Aufgrund der in der Mitte des 19. Jahrhunderts schnell wachsenden Borsigwerke im Gebiet Moabit und der Entstehung der Wohnviertel für die zahlreichen Arbeiterfamilien war eine kurze Verbindung über die Unterspree hinweg notwendig geworden. Der Architekt Bruno Möhring und der Bauingenieur Friedrich Krause, die bereits erfolgreich beim Bau der Swinemünder Brücke zusammengearbeitet hatten, lieferten zu Beginn des 20. Jahrhunderts Baupläne für eine Fußgängerbrücke. Der Ernst Wasmuth Verlag veröffentlichte in seinen Architekturschriften die Entwürfe.[2] Die Pläne sahen eine Eisenfachwerk-Balkenbrücke als Hängekonstruktion mit monumentalen steinernen Portalen über den Pylonen vor. Mitte September 1905 war die Brücke fertig und wurde zur Benutzung freigegeben.[1] Vor der Eröffnung der Flussquerung hieß sie nur die Fußgängersteg, und die Stadt Berlin musste noch einige Straßenführungen verändern, weil das Bauwerk mit seinen Stufen auf beiden Seiten nicht für den Fahrzeugverkehr vorgesehen war.[3]
Beschreibung
Gusseiserne Laternen und Kandelaber im Jugendstil bildeten neben Portalen den Brückenschmuck dieser Fußgänger gebauten Spreequerung zwischen dem Schleswiger Ufer und der Flensburger Straße (heute: Bundesratufer). Bei der Eröffnung der Brücke erhielt sie den Namen Borsigbrücke zu Ehren des Fabrikanten August Borsig, der einen großen Beitrag zum Wachstum dieses Teils von Berlin geleistet hatte.[4]
Zerstörung
Bereits im Jahr 1915 entstanden Zerstörungen an dieser Brücke, wie eine Literaturstelle erkennen lässt.[5] Es kann jedoch angenommen werden, dass eine Reparatur erfolgte, denn in dem Standardbuch Berlin und seine Brücken wird die Zerstörung am Ende des Zweiten Weltkriegs beschrieben. Der Nerobefehl der deutschen Wehrmacht hatte auch hier zur Sprengung dieses historischen Bauwerks geführt.[6] In einer weiteren Quelle berichtet eine Zeitzeugin von dem zerstörten Borsigsteg im Jahr 1947.[7] Das Wasserhindernis wurde dann beseitigt, auf beiden Uferseiten sind jedoch Widerlagerreste der Brücke erhalten geblieben.
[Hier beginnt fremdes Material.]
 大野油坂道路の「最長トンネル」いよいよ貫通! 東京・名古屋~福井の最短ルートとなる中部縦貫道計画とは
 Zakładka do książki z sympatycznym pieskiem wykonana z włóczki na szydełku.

Pläne für einen Wiederaufbau sind nicht bekannt.
In der Umgebung
An der Dortmunder Ecke Bochumer Straße am Bundesratufer befindet sich eine kleine Kiezgaststätte, die Zum alten Borsigsteg heißt und damit an das längst zerstörte Brückenbauwerk erinnert. Das Restaurant ist seit Anfang der 2000er Jahre allerdings geschlossen. Das Haus wurde danach saniert, der Schriftzug blieb erhalten.[8]
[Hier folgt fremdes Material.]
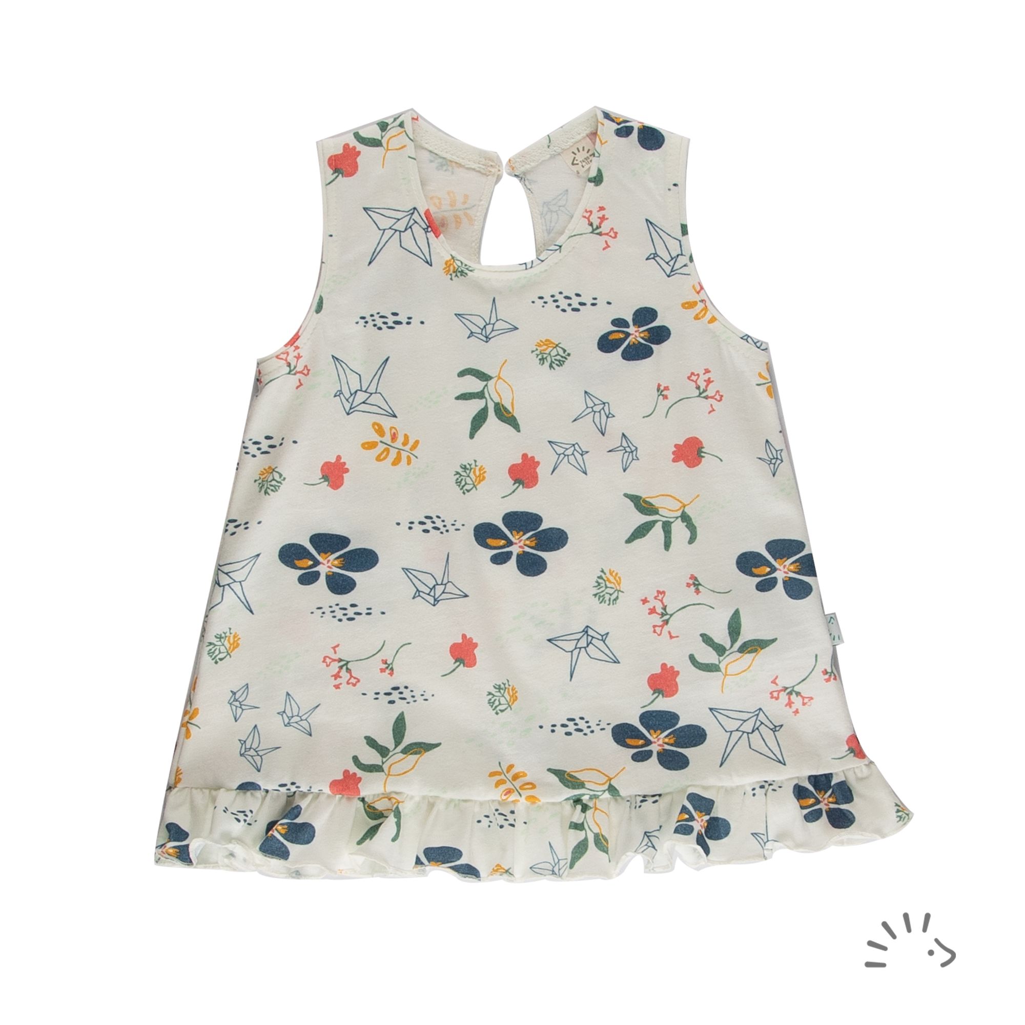 The summery tunic style MARA is made of finest Single Jersey. Simple A-line cut and decorative ruffled hem. This piece is ideal to combine with our pants CAPRI or Leggings. With loop closure on the backside with genuine mother-of-pearl button.
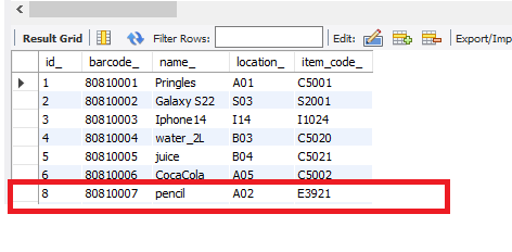 barcode_ 와 name_ , location_, item_code_ 는 해당 id_ 에 해당하는 값이 된다.

Die moderne Bebauung des Spreebogens am nordwestlichen Spreeufer dominiert inzwischen das Aussehen um den ehemaligen Standort des Borsigstegs. Zwei Gebäude am Bundesratufer (Nummer 2, Haus Lessing und Nummer 10, ein Mietshaus) aus der Erstbebauungszeit sind saniert und stehen unter Denkmalschutz.[9][10] Am Schleswiger Ufer ist das frühere Realschulgebäude erhalten, das heute vom Gymnasium Tiergarten genutzt wird (Bild).
Literatur
Landesdenkmalamt Berlin (Hrsg.), Jürgen Tomisch, Matthias Donath, Angelika Kaltenbach, Klaus von Krosigk, Heino Neumayer, Gabriele Schulz: Denkmaltopographie Bundesrepublik Deutschland. Denkmale in Berlin – Bezirk Mitte – Ortsteile Moabit, Hansaviertel und Tiergarten. Michael Imhof Verlag, Petersberg 2005, ISBN 3-86568-035-6.
Eckhard Thiemann, Dieter Deszyk, Horstpeter Metzing: Berlin und seine Brücken. Jaron Verlag, Berlin 2003, ISBN 3-89773-073-1, S. 180.
Klaus-Dieter Wille: Spaziergänge in Tiergarten. Haude & Spenersche Verlagsbuchhandlung, Berlin 1982.
Borsigsteg. In: Wasmuths Monatshefte. 1920, Berlin, S. 294.